_Task requirements_
Copy the lines from the start of the records below through the line containing "jewelry india ank413", both included, and leave out the pictures.

_Extracted material_
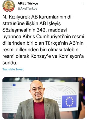 Niyazi Kızılyürek, Avrupa Birliği (AB) kurumlarının dil statüsüne ilişkin AB İşleyiş Sözleşmesi'nin 342. maddesi uyarınca Kıbrıs Cumhuriyeti'nin resmi dillerinden biri olan Türkçe'nin AB'nin resmi dillerinden biri olması talebini resmi olarak Konseye ve Komisyona sundu.
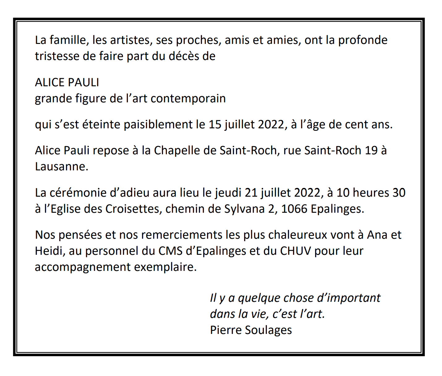 ALICE PAULI 13 jan. 1922 - 15 juil. 2022 Avis mortuaire PFG Télecharger PDF Partager sur: Galerie PreviousNext PreviousNext
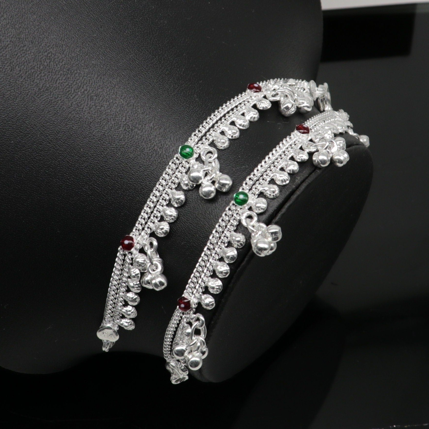 5.5" inches baby anklets Sterling silver handmade amazing ankle bracelet kids anklet noisy sound bells charm anklets jewelry india ank413
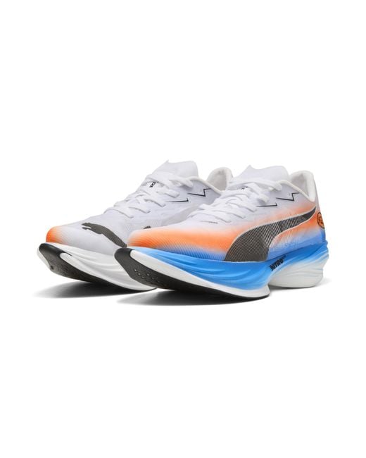 HISTOIRE DU PRODUIT Véritable secousse sismique dans le monde du running sur route, la Fast-R NITROTM Elite 3 est la chaussure idéale pour pulvériser tes records personnels, du 5k au Marathon. La nouvelle semelle extérieure en mousse NITROTM Elite te procure un retour d'énergie explosif alors que la plaque PWRPLATE en fibre de carbone te propulse à toute allure jusqu'à la ligne d'arrivée. Ce n'est pas tout : la semelle extérieure en caoutchouc PUMAGRIP te permettra de donner le meilleur de toi-même quelles que soient les conditions météos. Pulvérise ton record personnel avec la Fast-R NITROTM Elite 3. Cette version célèbre la célèbre course à pied japonaise avec un concept de couleurs unique, pour que tu te puisses te démarquer sur la route. CARACTÉRISTIQUES + AVANTAGES NITROTM ELITE : mousse innovante infusée à l'azote pour un retour d'énergie exceptionnel, plus de vitesse et un confort longue distance PWRPLATE : plaque en fibre de carbone sur toute la longueur pour une propulsion puissante et une efficacité taillé pour l'élite LÉGÈRETÉ : Les tissus ULTRAWEAVE ultra légers et extensibles dans tous les sens réduisent le poids et la friction pour te permettre de te concentrer sur des mouvements plus rapides et plus puissants PUMAGRIP : semelle extérieure en caoutchouc composite résistant pour une adhérence infaillible sur plusieurs surfaces DÉTAILS Coupe : Régulière Bout : Arrondi Fermeture : Fermeture à lacets Talon : Talon plat Amorti : maximum Dénivelé talon-pointe : 8 mm Hauteur de semelle : 40 mm/32 mm Pronation : Neutre Durée de vie : 150 km. Coloris : bleu
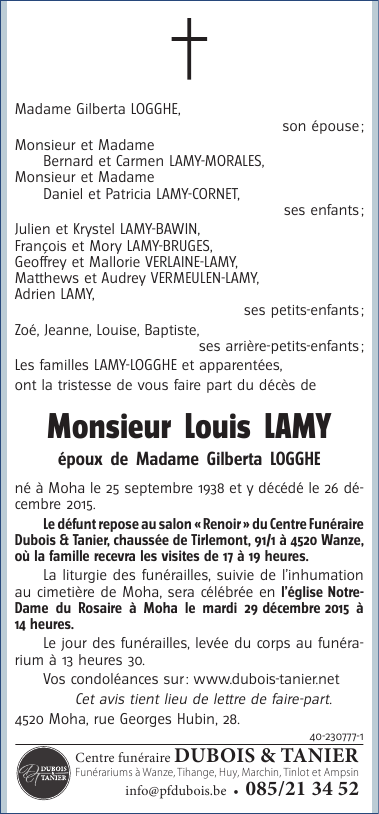 Décédé à Moha (4520) le samedi 26 décembre 2015 à l'âge de 77 ans
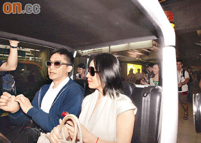 兩人坐機(jī)場(chǎng)小車離開,被傳媒圍堵采訪。香港《太陽(yáng)報(bào)》圖。
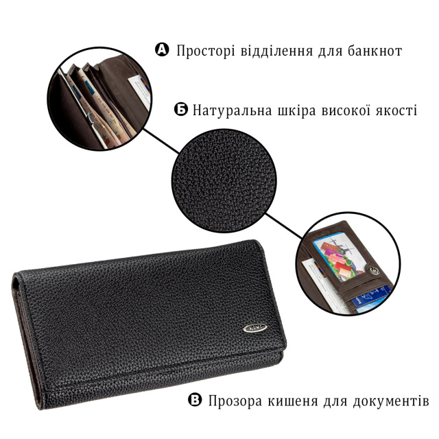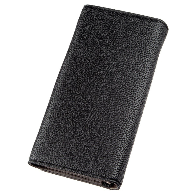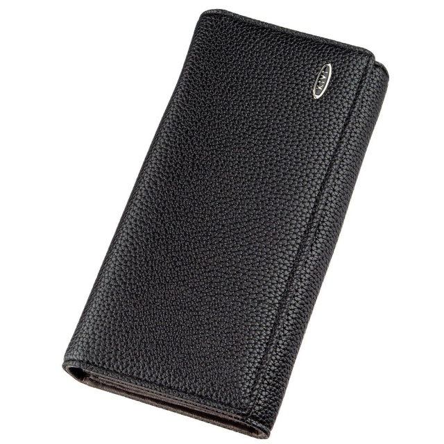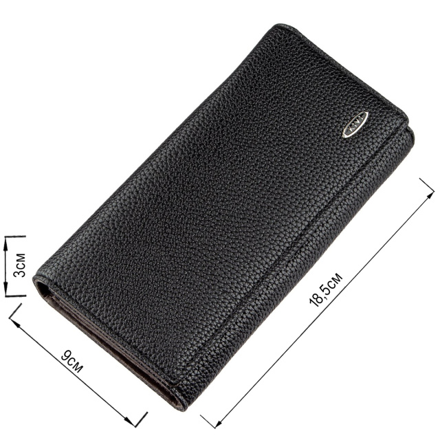 Представленный кошелек выполнен в классическом черном цвете с обширным функционалом. В модели выведен один отдельный блок с ячейками для кредиток. Все ячейки идеальной подобраны, чтобы зафиксировать вашу карточку. Просторные отделы для купюр и классическая монетница в сочетании плотной экокожой с зернистой текстурой не оставят вас равнодушной.
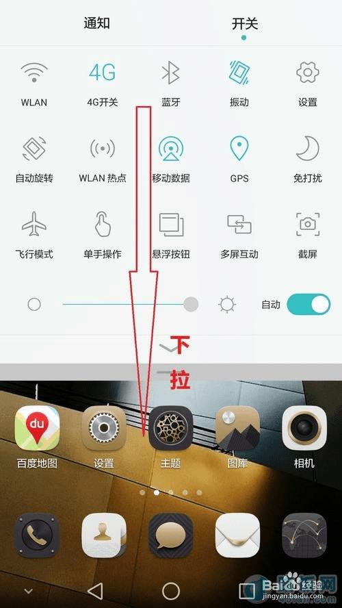 2、从屏幕顶部往下拉出“通知”和“开关”栏。
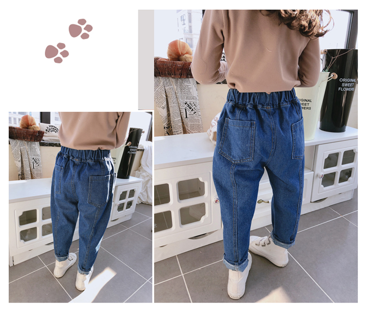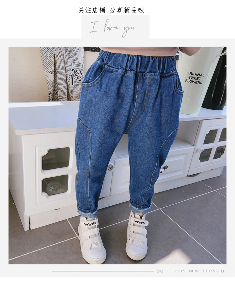 2019中小童秋冬季新款寬松帥氣百搭長褲 男女童彈力松緊腰牛仔褲1入

_Exercise solution_
 Niyazi Kızılyürek, Avrupa Birliği (AB) kurumlarının dil statüsüne ilişkin AB İşleyiş Sözleşmesi'nin 342. maddesi uyarınca Kıbrıs Cumhuriyeti'nin resmi dillerinden biri olan Türkçe'nin AB'nin resmi dillerinden biri olması talebini resmi olarak Konseye ve Komisyona sundu.
 ALICE PAULI 13 jan. 1922 - 15 juil. 2022 Avis mortuaire PFG Télecharger PDF Partager sur: Galerie PreviousNext PreviousNext
 5.5" inches baby anklets Sterling silver handmade amazing ankle bracelet kids anklet noisy sound bells charm anklets jewelry india ank413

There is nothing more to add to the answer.